3. BAGGAGE LIABILITY This kind of liability may include various reasons in the happening. They are as follows: A. Delays If your bags are delayed, try not to panic. The airlines typically have ways to track them, and about 98 percent of all misplaced luggage is returned eventually. If your bags are on the next flight, you could have them within a few hours. If they've been sent to the wrong airport, it could take a couple of days. Make sure to file your claim immediately at the airport and to give the attendant a hotel or home phone number and address. The airlines will typically bring you your luggage when it is found; you will rarely need to return to the airport to pick it up. Additionally, many airlines will reimburse any unexpected expenses caused by the loss or delay (keep your receipts!). But be careful here -- the airline sometimes has the option to deduct any reimbursement or stipend from any subsequent awards. Before you leave the airport, be sure you know how to check on your bag's status; some airlines have an online system while others will provide you with a phone number to call for updates.

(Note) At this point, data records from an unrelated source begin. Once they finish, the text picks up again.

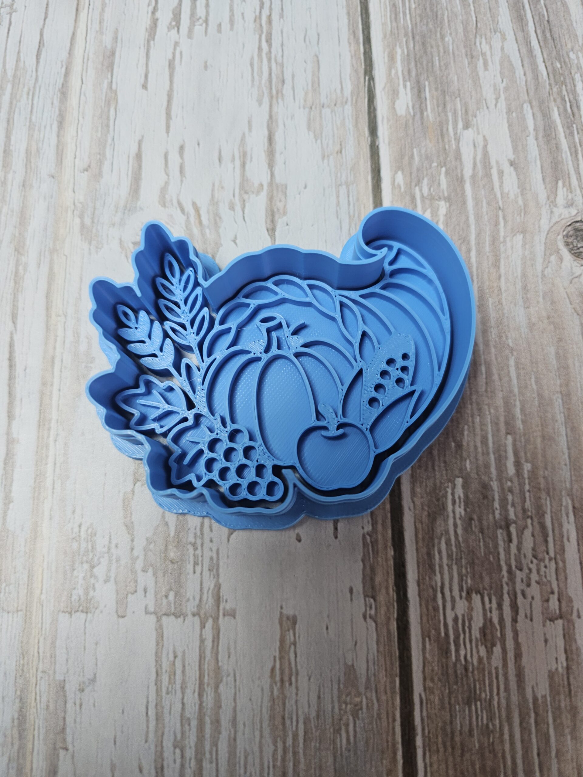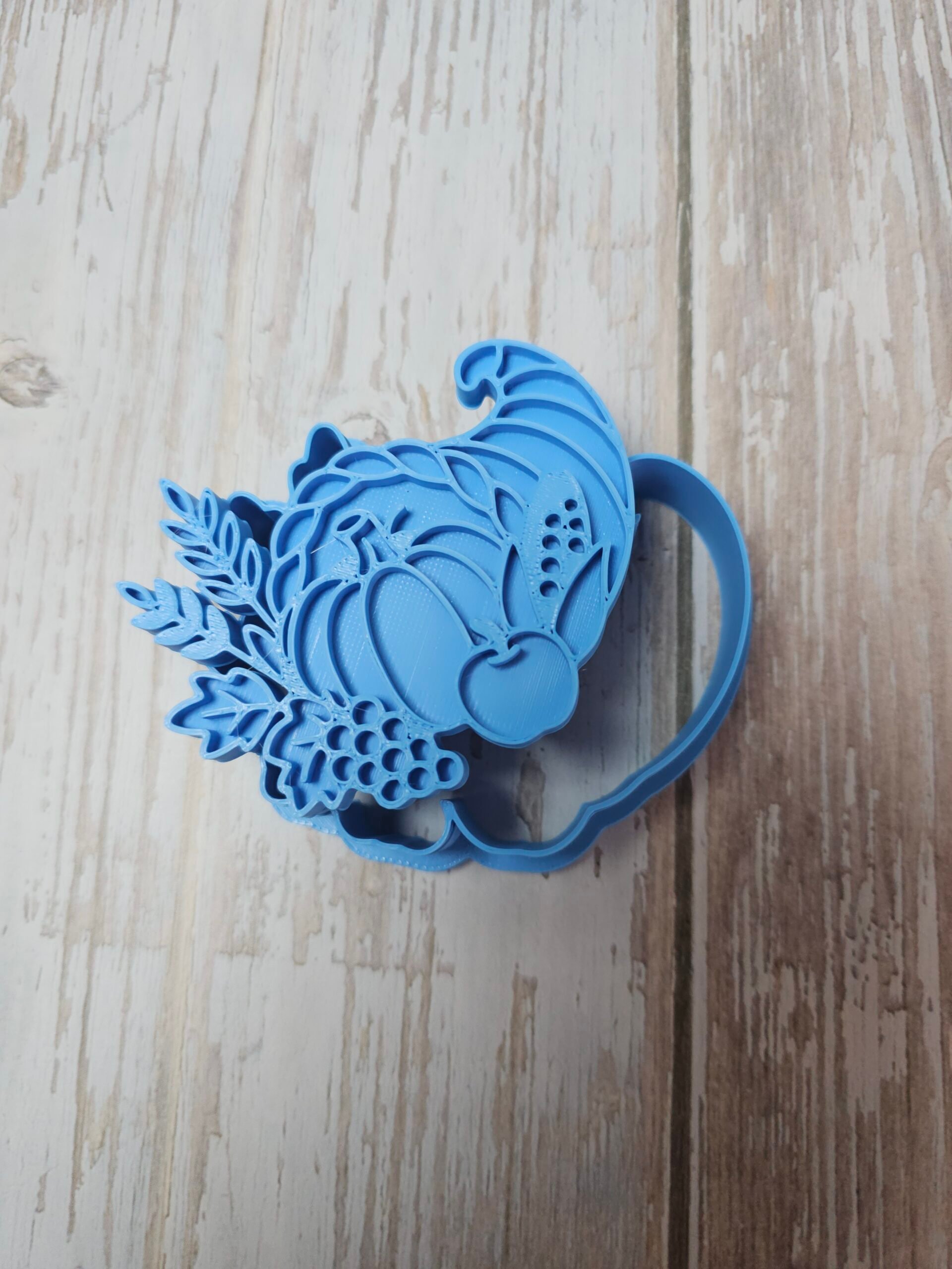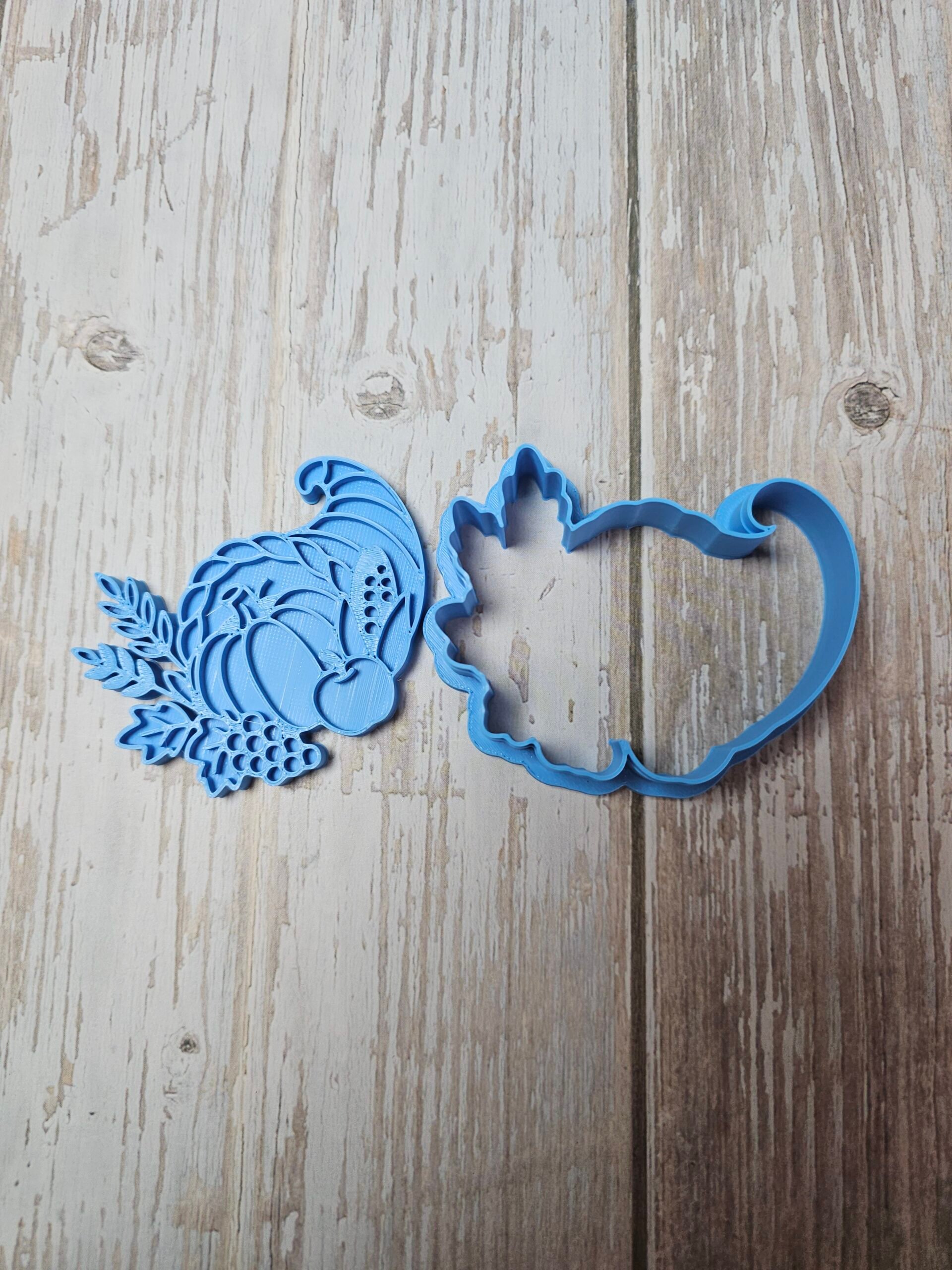 Celebrate abundance and gratitude with this Cornucopia Cookie Cutter & Stamp. Featuring a detailed horn of plenty filled with fruits and leaves, this design is perfect for Thanksgiving cookie sets, autumn gatherings, and festive baking projects.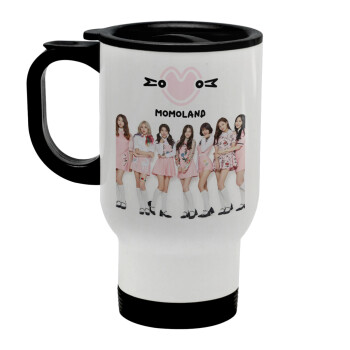 Momoland pink, Κούπα ταξιδιού ανοξείδωτη με καπάκι, διπλού τοιχώματος (θερμό) λευκή 450ml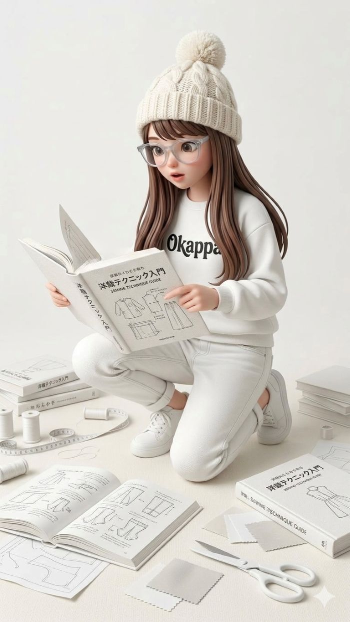 この本に載っているお洋服は、ほとんど白い生地で作られています。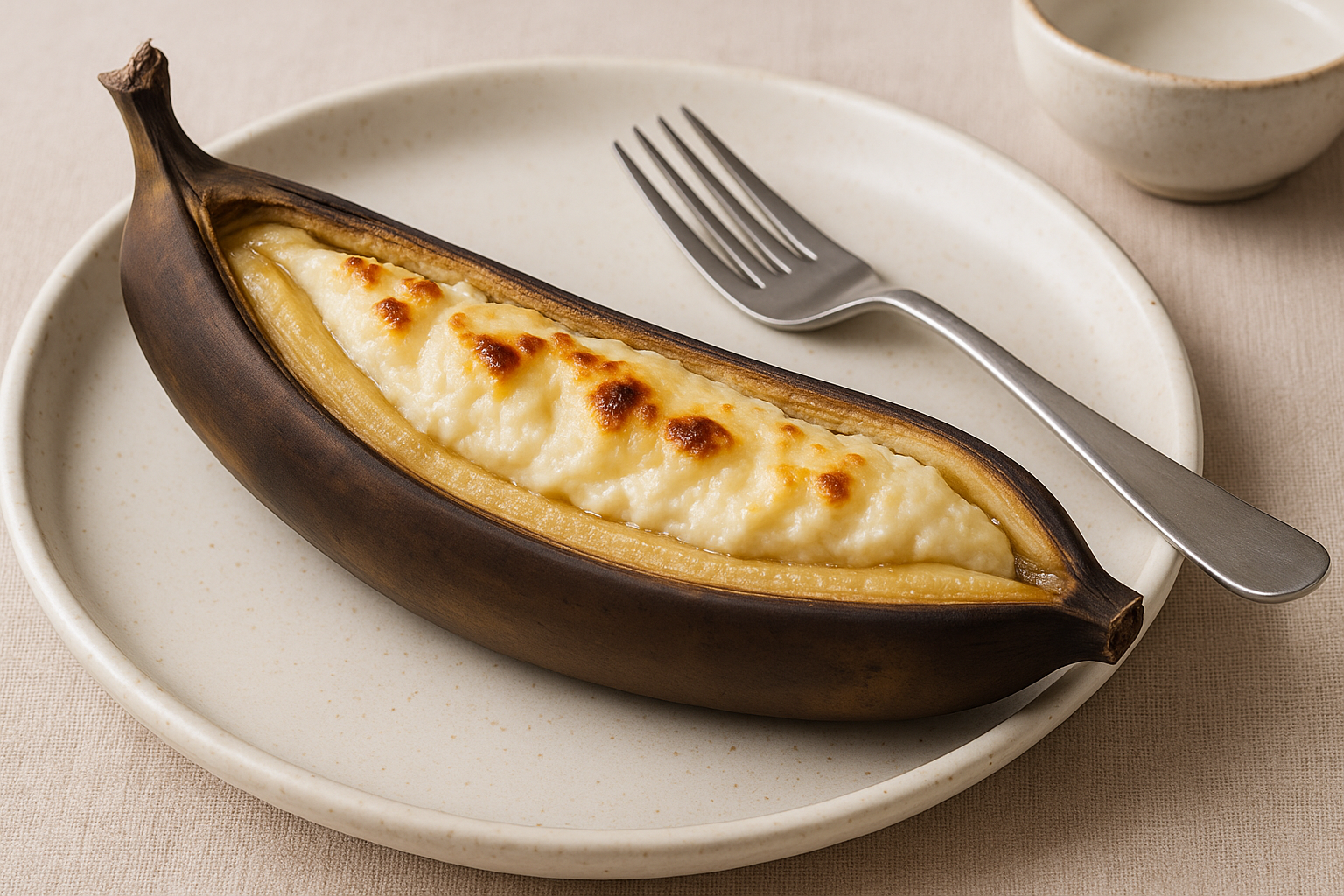 - Запекать 15 минут, пока банан не станет мягким, а сыр слегка уплотненным.

B. Lost Baggage If the airline loses your bags, make sure you get a written claim for damages. This may require a different form than the original "missing luggage" form. This can be done at the airport or by mail. On domestic flights, the airline baggage liability is capped at $3,300 per person. On international trips, the liability limit may vary, as it is governed by various international treaties, including the Montreal and Warsaw Conventions. You may need to produce receipts to prove the value of items you had in your suitcase. If you have them, include copies in any documentation you send to the airline. (Keep in mind that you will be reimbursed for the depreciated value of your items -- so the airline won't give you the full $1,000 you paid for that suit you purchased two years ago.) You can purchase "excess valuation" protection if your checked baggage is worth more than these limits (but before doing so, make sure the items aren't already covered by your homeowner's or travel insurance policy). The airlines typically have a long list of items for which they will not be held responsible; these include jewelry, money, heirlooms and other valuables. These sorts of items should always be packed in your carry-on bag.

C. Stolen Baggage Head directly to the baggage carousel when you get off your flight. Many airlines scan bags when they're loaded into the baggage claim area and keep records, especially at larger airports. Once you've left the baggage claim area, your claim is no longer with the airline, but with the police.

D. Damaged Baggage Once you've gotten your bags off the carousel, immediately check them for damage or other signs of tampering or mishandling. Report any damage before leaving the airport; airline customer service will often want to inspect the bag. Keep in mind that most airlines won't cover minor wear and tear.

E. Cargo and Mail Damage

EXCESS LIABILITY Excess liability is all about the refueling and the defueling of the aircraft. Excess liability is also known as THIRD PARTY WAR RISKS.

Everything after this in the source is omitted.